In response, KCCA challenged the application based on the causal effect; that it lacked evidence of how naming of roads after the British colonial officials of the Imperial British East African Company inflicted direct severe psychological or substantive physical harm upon the applicant. Furthermore, the applicant did not demonstrate how the rights of individuals, families and communities whose right to freedom from torture or cruel, inhuman or degrading treatment or punishment had been infringed by naming of roads after the British colonial officials. The response affirmed the respondent’s right to name some roads after the British colonial officials and / or officials of the Imperial British East African Company to preserve history.
Ssekaana J agreed with the defendant that the grievance raised was not directly linked to human rights violations, although it needed to be addressed by the city authorities because of the lapse of 62 years since Uganda’s independence. The judge tasked the authorities with gradually choosing appropriate names in honour of persons relevant to Uganda’s historical transformation since independence, to substitute the colonial names that have been used on Uganda’s capital’s public infrastructure for such a long time. The court avoided the seemingly difficult and untreated questions raised by the legacies of colonialism and their effects on the rights of people of African heritage. The court’s order however emphasized the need to rename public infrastructure with appropriate names that promote harmony, unity or exemplify the culture, heritage and values of the people of Uganda.

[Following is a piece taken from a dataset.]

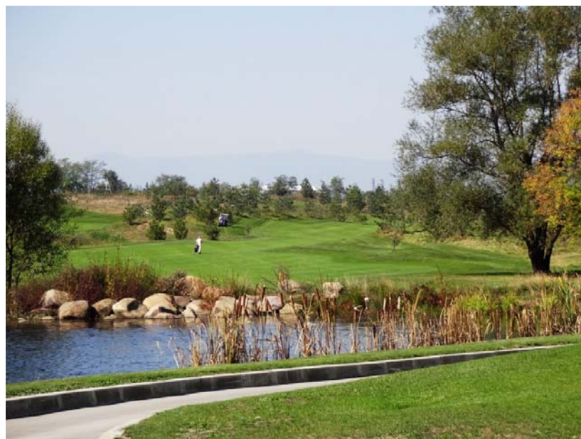
View from the yellow tee on the 11th hole

Self-reflective reparatory justice underpinnings of Ssempebwa
Colonization and collective victimization
The Durban Declaration and Programme of Action confirms that colonialism led to racism, racial discrimination, xenophobia and related intolerance, and that Africans and people of African descent, among other marginalized groups, were victims of colonialism and continue to be victims of its consequences.Footnote 9 Establishing racial hierarchies was an intentional approach of the colonial project. The House of Lords debate of the motion advanced by Lord Noel-Buxton on native policy in the empire revealed the pivotal nature of racial superiority as the doctrine that anchored colonialism. Lord Noel-Buxton, a then member of the British cabinet, submitted that the relation of advanced peoples to backward peoples was one of the chief problems of the near future, and the time had come for fuller public attention to the principles of government of backward races – races which, according to him could be described as “peoples not yet able to stand by themselves under the strenuous conditions of the modern world”.Footnote 10 In response, Lord Snell cautioned the House of Lords about a new outlook that was arising – that Africans were unwilling to accept the allocation of inferiority which had been given to them and he added that they were entirely right because no one had the legitimacy to put a limit to anyone’s intelligence.Footnote 11 It is noteworthy that in 1938, a year after Lord Buxton withdrew his motion from the House of Lords, the Trading Ordinance was promulgated in Uganda, introducing significant changes that propelled structural poverty among Ugandans of African heritage.Footnote 12 The ordinance prohibited Africans from trading within a radius of eight miles from any urban centre. Asians were accorded monopoly of towns and trading centres in Uganda, leaving what Parson described as the most unprofitable of distributive activity, and rural retailing, to Africans.Footnote 13 This relegation strategy, among others, led to intergenerational impoverishment of Ugandans of African descent, and on the other hand to Asian transgenerational prosperity. Similar legislation was promulgated to restrict the liberties of persons of African heritage such as the Black Laws Amendment Act 46 of 1937, which restricted the rights of Africans in South Africa from acquiring land in urban areas.Footnote 14
Delegates of the World Conference against Racism regretted that the effects and persistence of colonial structures and practices have been among the factors contributing to lasting social and economic inequalities in many parts of the world.Footnote 15 Uganda is not an exception. The nation is struggling with a systemic colonial relegation to exportation of raw agricultural products, mainly coffee, tea and cotton, which do not accord it leverage in the global economic markets that are driven by value addition. The UN Working Group of Experts on People of African Descent highlighted the structural inequalities inherent in the global financial architecture and digital fiscal systems, which particularly disadvantage African countries.Footnote 16
Decolonization as public interest
The court raised controversy about Mr Ssempebwa’s status as a victim of colonial legacies. Colonialism in Uganda introduced systems that privileged persons of European and Asian origin while marginalizing Africans individually and collectively. This victimization has been transgenerational, widespread and a strong influence in contemporary international relations, hence becoming a matter of public interest.Footnote 17
Racial hierarchies were inherent in colonial public administration. While elaborating the two ideals that guided the empire, Lord Noel-Buxton stated that
“one is the idea of trusteeship… ‘that there should be no barriers of race, colour, or creed, which should prevent any [human] by merit from reaching any station if [s]/he is fitted for it’. The rival doctrine is that the white [person] should be not only the political master but should debar the native from acquiring even the professional efficiency of which [s]/he is capable. That is colour bar administration.”Footnote 18
He recalled the crude expression of a South African Minister that one must have either equality and assimilation, on the one hand, or, on the other, the golden rule of Calvinism and of the old republics – no equality in church or state. Neither doctrine accommodated African authenticity since even where equality applied, it required assimilation in favour of the colonizer through systems that alienated humanness from Africanness. The deep-rooted effects of dehumanization and invisibilisation of Africans subsist to date.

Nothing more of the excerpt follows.